Exercise prompt: Reproduce the data exactly as given, except for any images.

Data extract:
++++++++++
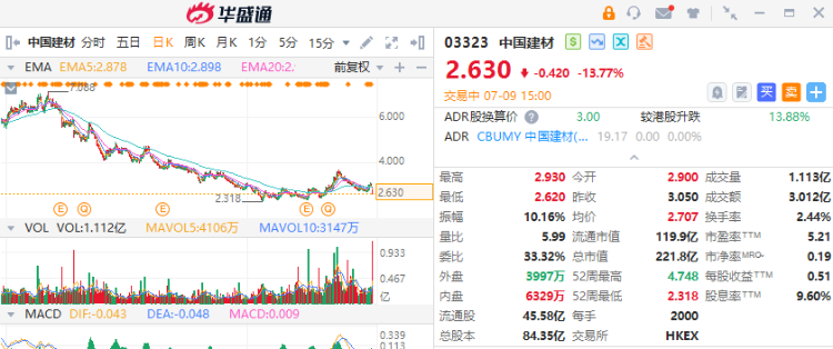 相反,中国建材( 3323 )发盈警,料中期转蚀20亿人民币,股价急泻14%,低见2.62港元,如果认为股价「跌过龙」,可留意Call轮( $25144.HK ),行使价4.5港元,实际杠杆逾8倍,11月中到期,适合短线博反弹,但由于股价仍然弱势,投资者需要控制注码及严守止蚀。
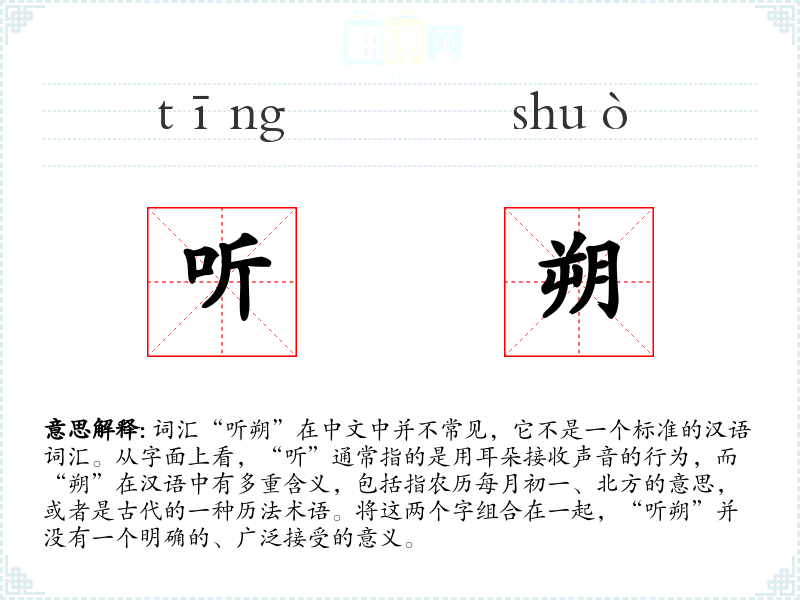 同义词与反义词: 由于“听朔”不是一个常用词汇,很难找到直接的同义词或反义词。如果将其拆分为“听”和“朔”,可以找到一些相关的词汇,如“聆听”(听的同义词)和“望朔”(指观察新月,与“朔”相关)。
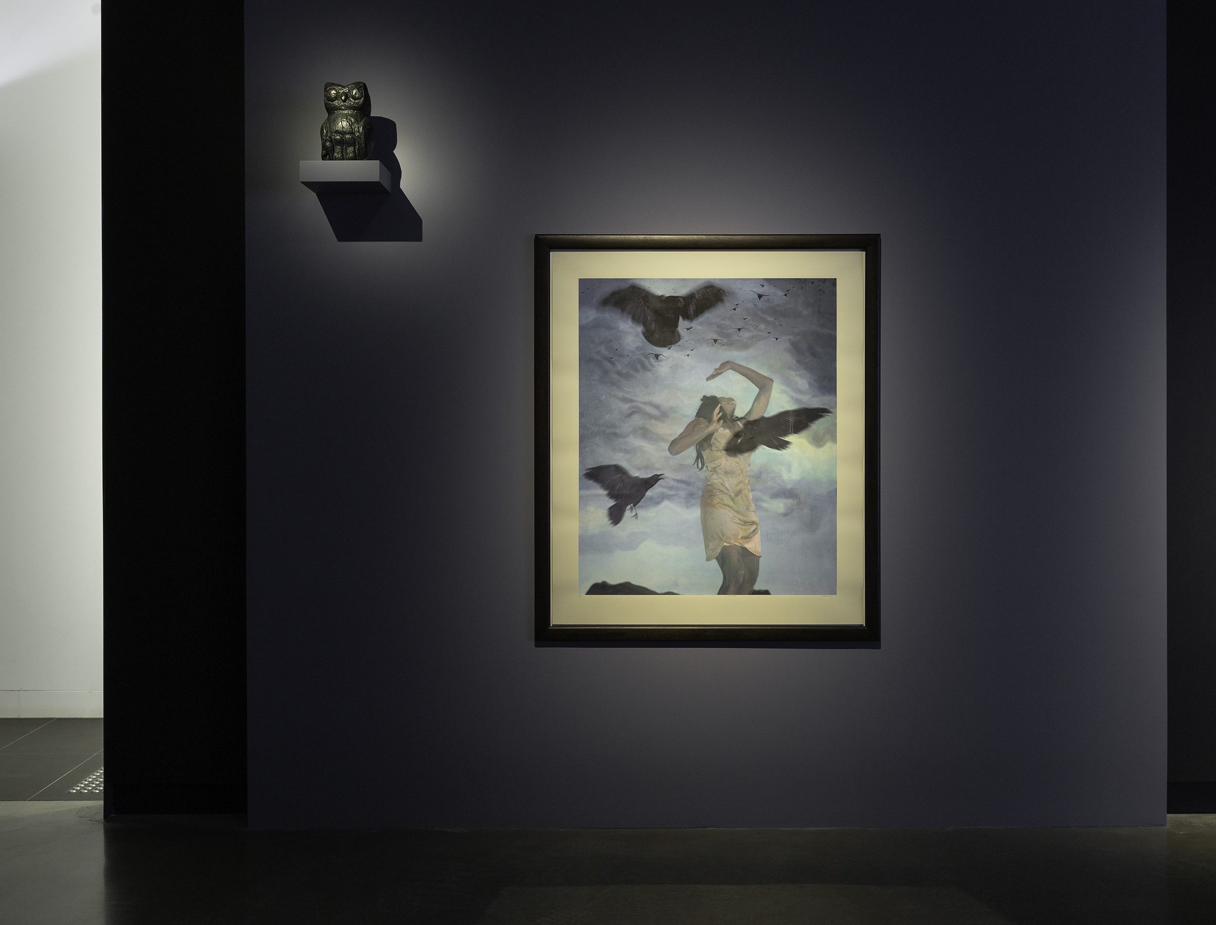 Installation view of nightshifts, Buxton Contemporary, the University of Melbourne, 2023. Featuring David Noonan, Owl 2006, Tracey Moffatt, Invocations #5 2000. Michael Buxton Collection, the University of Melbourne Art Collection. Photography by Christian Capurro.
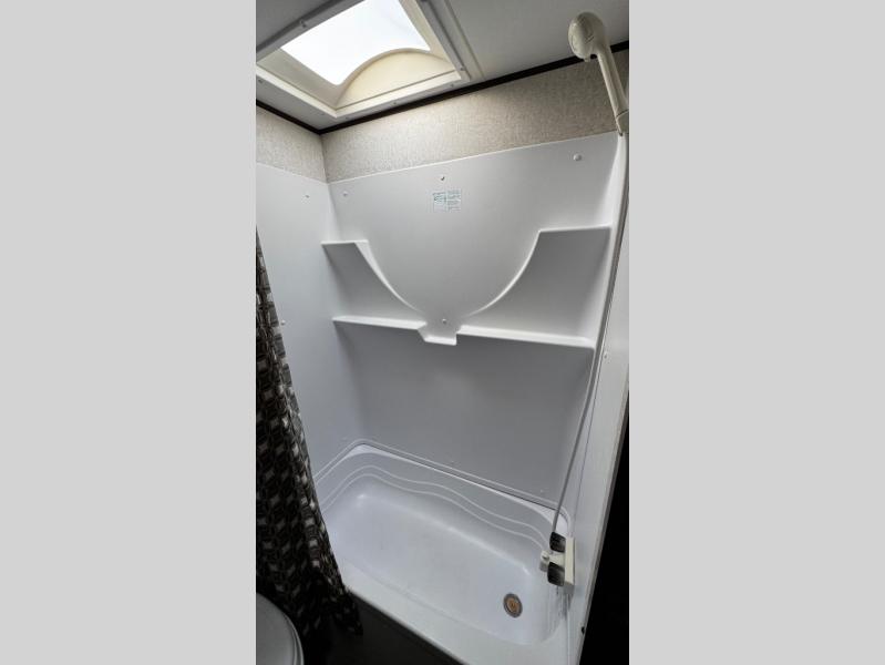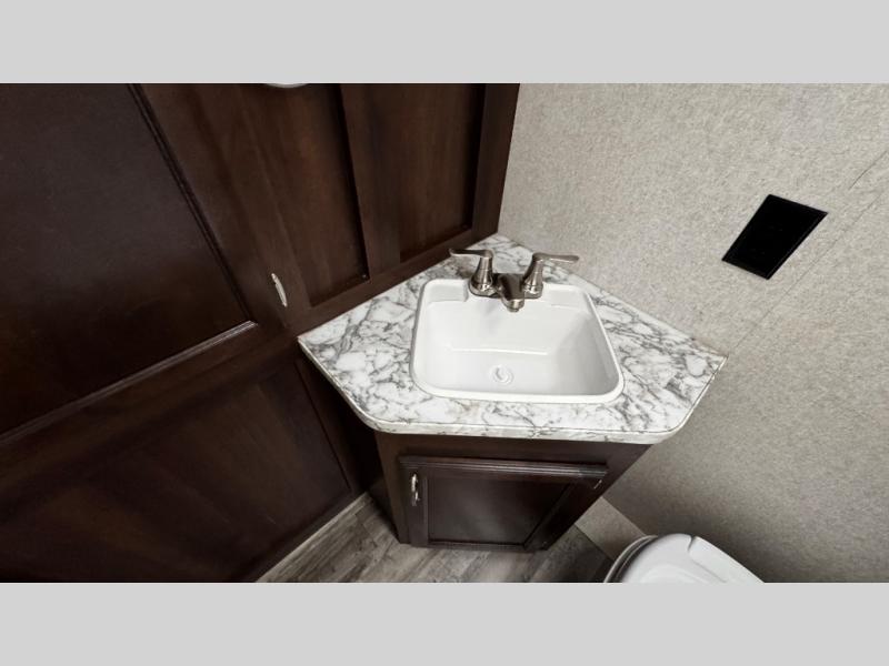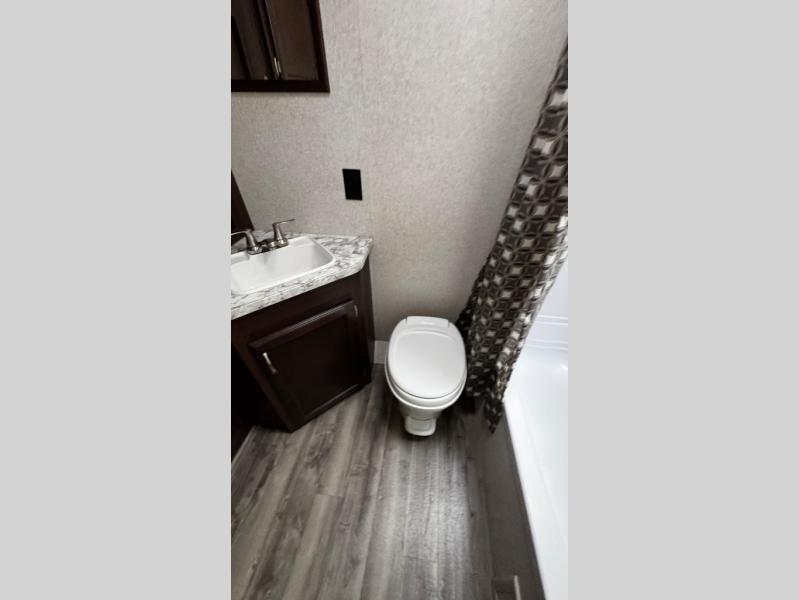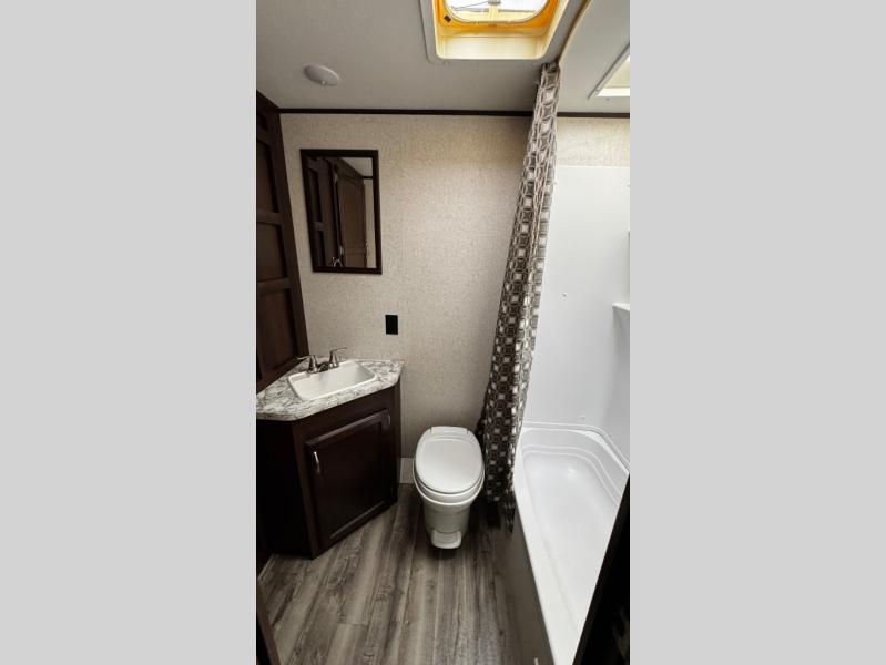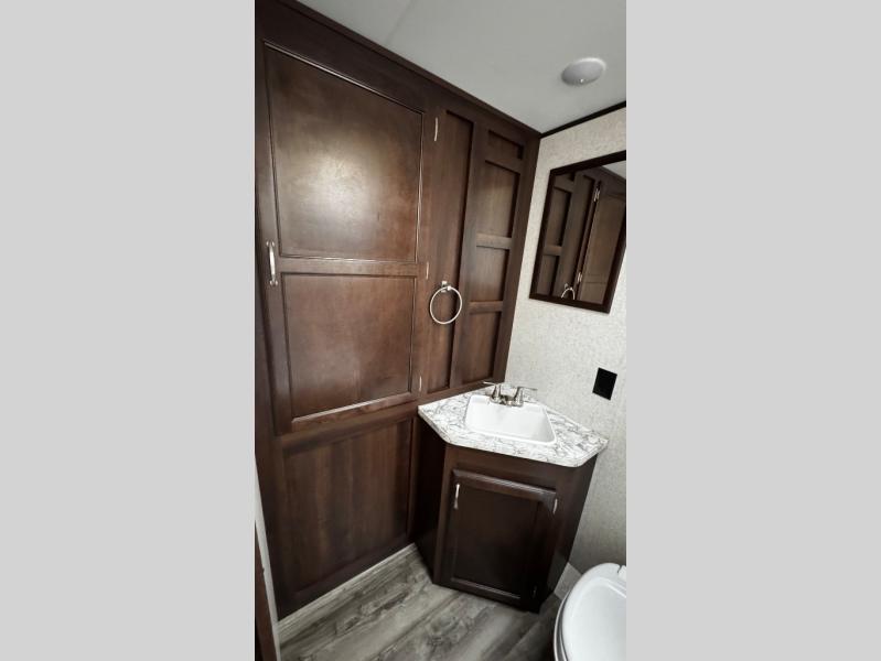 Along the rear of this model is the bathroom. Here you will find a tub/shower, toilet, sink, and a large wardrobe for your hang up clothes.
++++++++++
Solution to this exercise:
 相反,中国建材( 3323 )发盈警,料中期转蚀20亿人民币,股价急泻14%,低见2.62港元,如果认为股价「跌过龙」,可留意Call轮( $25144.HK ),行使价4.5港元,实际杠杆逾8倍,11月中到期,适合短线博反弹,但由于股价仍然弱势,投资者需要控制注码及严守止蚀。
 同义词与反义词: 由于“听朔”不是一个常用词汇,很难找到直接的同义词或反义词。如果将其拆分为“听”和“朔”,可以找到一些相关的词汇,如“聆听”(听的同义词)和“望朔”(指观察新月,与“朔”相关)。
 Installation view of nightshifts, Buxton Contemporary, the University of Melbourne, 2023. Featuring David Noonan, Owl 2006, Tracey Moffatt, Invocations #5 2000. Michael Buxton Collection, the University of Melbourne Art Collection. Photography by Christian Capurro.
 Along the rear of this model is the bathroom. Here you will find a tub/shower, toilet, sink, and a large wardrobe for your hang up clothes.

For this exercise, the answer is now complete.